Leave out any picture and return the remaining listing below exactly as given.

Dataset records: Begin

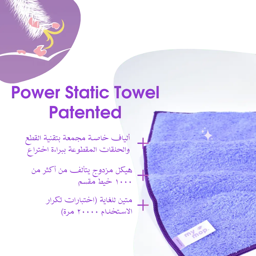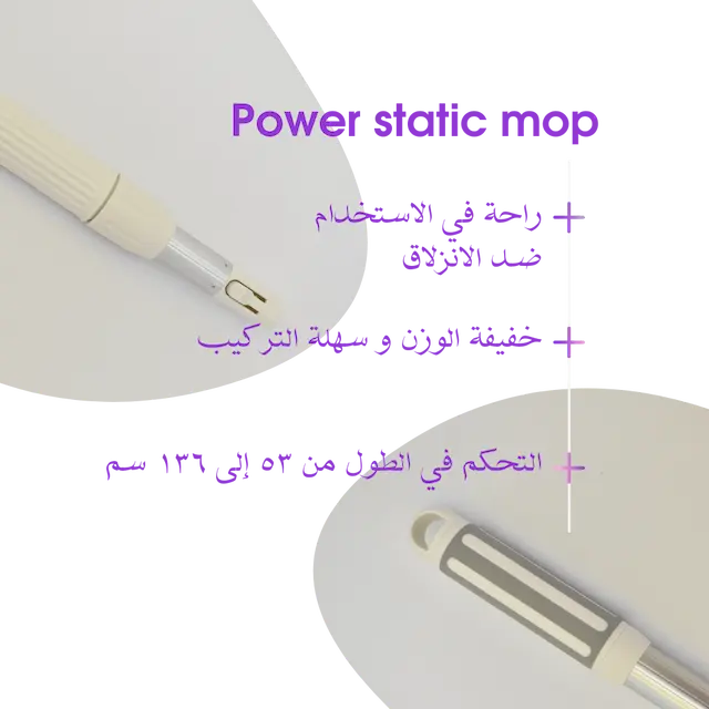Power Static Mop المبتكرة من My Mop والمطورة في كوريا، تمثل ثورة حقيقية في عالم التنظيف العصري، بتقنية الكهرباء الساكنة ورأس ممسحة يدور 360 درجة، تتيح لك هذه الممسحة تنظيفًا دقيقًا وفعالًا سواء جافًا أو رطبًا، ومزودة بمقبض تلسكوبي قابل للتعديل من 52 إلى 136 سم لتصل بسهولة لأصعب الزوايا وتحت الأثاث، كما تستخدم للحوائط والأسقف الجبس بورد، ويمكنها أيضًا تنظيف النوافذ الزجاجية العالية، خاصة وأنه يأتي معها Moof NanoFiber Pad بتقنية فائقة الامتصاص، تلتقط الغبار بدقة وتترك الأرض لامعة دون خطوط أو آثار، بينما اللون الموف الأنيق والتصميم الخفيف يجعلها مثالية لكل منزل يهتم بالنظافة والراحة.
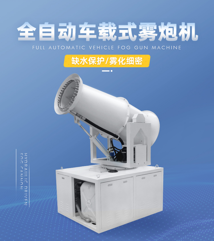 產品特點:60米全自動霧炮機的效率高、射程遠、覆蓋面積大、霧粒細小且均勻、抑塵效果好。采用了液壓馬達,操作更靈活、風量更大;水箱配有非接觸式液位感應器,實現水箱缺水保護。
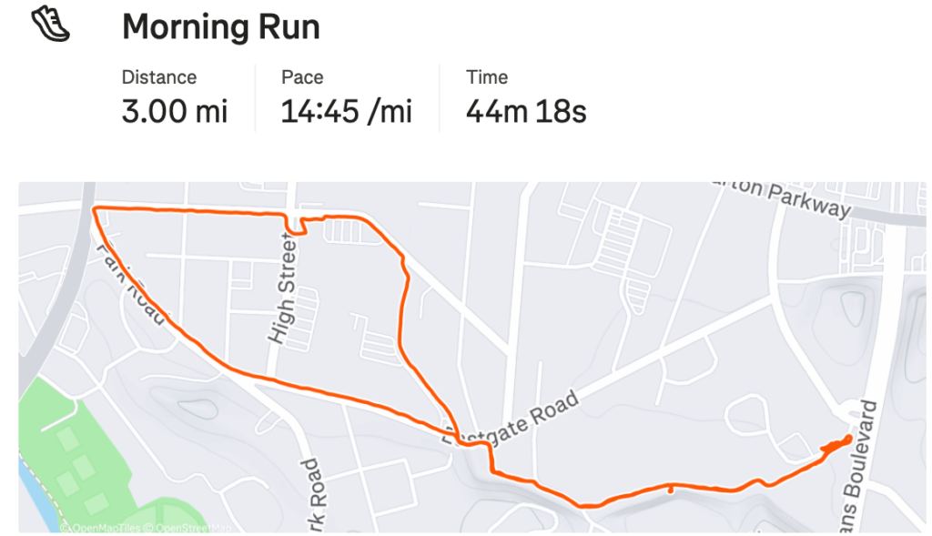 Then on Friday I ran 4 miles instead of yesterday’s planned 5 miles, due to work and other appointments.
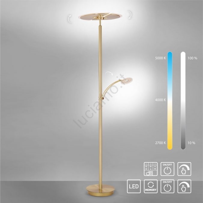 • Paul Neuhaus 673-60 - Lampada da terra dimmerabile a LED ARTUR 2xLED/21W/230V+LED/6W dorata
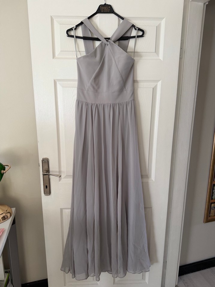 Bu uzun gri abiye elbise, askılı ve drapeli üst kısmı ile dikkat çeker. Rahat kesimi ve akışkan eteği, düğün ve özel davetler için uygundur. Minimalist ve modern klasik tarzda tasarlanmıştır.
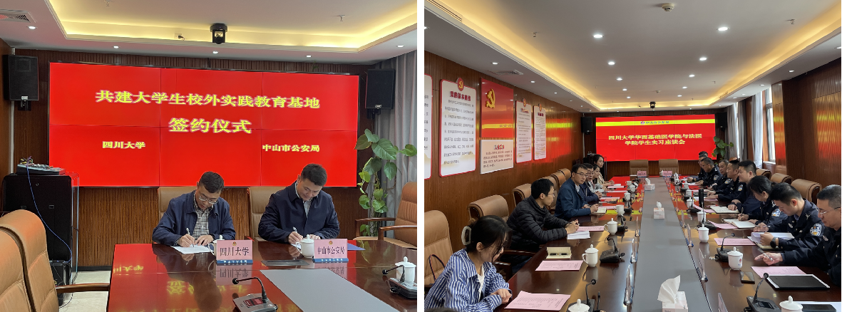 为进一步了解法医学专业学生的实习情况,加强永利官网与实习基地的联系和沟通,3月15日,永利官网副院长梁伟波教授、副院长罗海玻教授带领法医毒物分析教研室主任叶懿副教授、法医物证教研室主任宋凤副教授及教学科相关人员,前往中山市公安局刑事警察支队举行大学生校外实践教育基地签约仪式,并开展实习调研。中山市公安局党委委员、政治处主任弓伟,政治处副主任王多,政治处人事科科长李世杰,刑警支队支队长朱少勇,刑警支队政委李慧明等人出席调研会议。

Dataset records: End

Task result
Power Static Mop المبتكرة من My Mop والمطورة في كوريا، تمثل ثورة حقيقية في عالم التنظيف العصري، بتقنية الكهرباء الساكنة ورأس ممسحة يدور 360 درجة، تتيح لك هذه الممسحة تنظيفًا دقيقًا وفعالًا سواء جافًا أو رطبًا، ومزودة بمقبض تلسكوبي قابل للتعديل من 52 إلى 136 سم لتصل بسهولة لأصعب الزوايا وتحت الأثاث، كما تستخدم للحوائط والأسقف الجبس بورد، ويمكنها أيضًا تنظيف النوافذ الزجاجية العالية، خاصة وأنه يأتي معها Moof NanoFiber Pad بتقنية فائقة الامتصاص، تلتقط الغبار بدقة وتترك الأرض لامعة دون خطوط أو آثار، بينما اللون الموف الأنيق والتصميم الخفيف يجعلها مثالية لكل منزل يهتم بالنظافة والراحة.
 產品特點:60米全自動霧炮機的效率高、射程遠、覆蓋面積大、霧粒細小且均勻、抑塵效果好。采用了液壓馬達,操作更靈活、風量更大;水箱配有非接觸式液位感應器,實現水箱缺水保護。
 Then on Friday I ran 4 miles instead of yesterday’s planned 5 miles, due to work and other appointments.
 • Paul Neuhaus 673-60 - Lampada da terra dimmerabile a LED ARTUR 2xLED/21W/230V+LED/6W dorata
 Bu uzun gri abiye elbise, askılı ve drapeli üst kısmı ile dikkat çeker. Rahat kesimi ve akışkan eteği, düğün ve özel davetler için uygundur. Minimalist ve modern klasik tarzda tasarlanmıştır.
 为进一步了解法医学专业学生的实习情况,加强永利官网与实习基地的联系和沟通,3月15日,永利官网副院长梁伟波教授、副院长罗海玻教授带领法医毒物分析教研室主任叶懿副教授、法医物证教研室主任宋凤副教授及教学科相关人员,前往中山市公安局刑事警察支队举行大学生校外实践教育基地签约仪式,并开展实习调研。中山市公安局党委委员、政治处主任弓伟,政治处副主任王多,政治处人事科科长李世杰,刑警支队支队长朱少勇,刑警支队政委李慧明等人出席调研会议。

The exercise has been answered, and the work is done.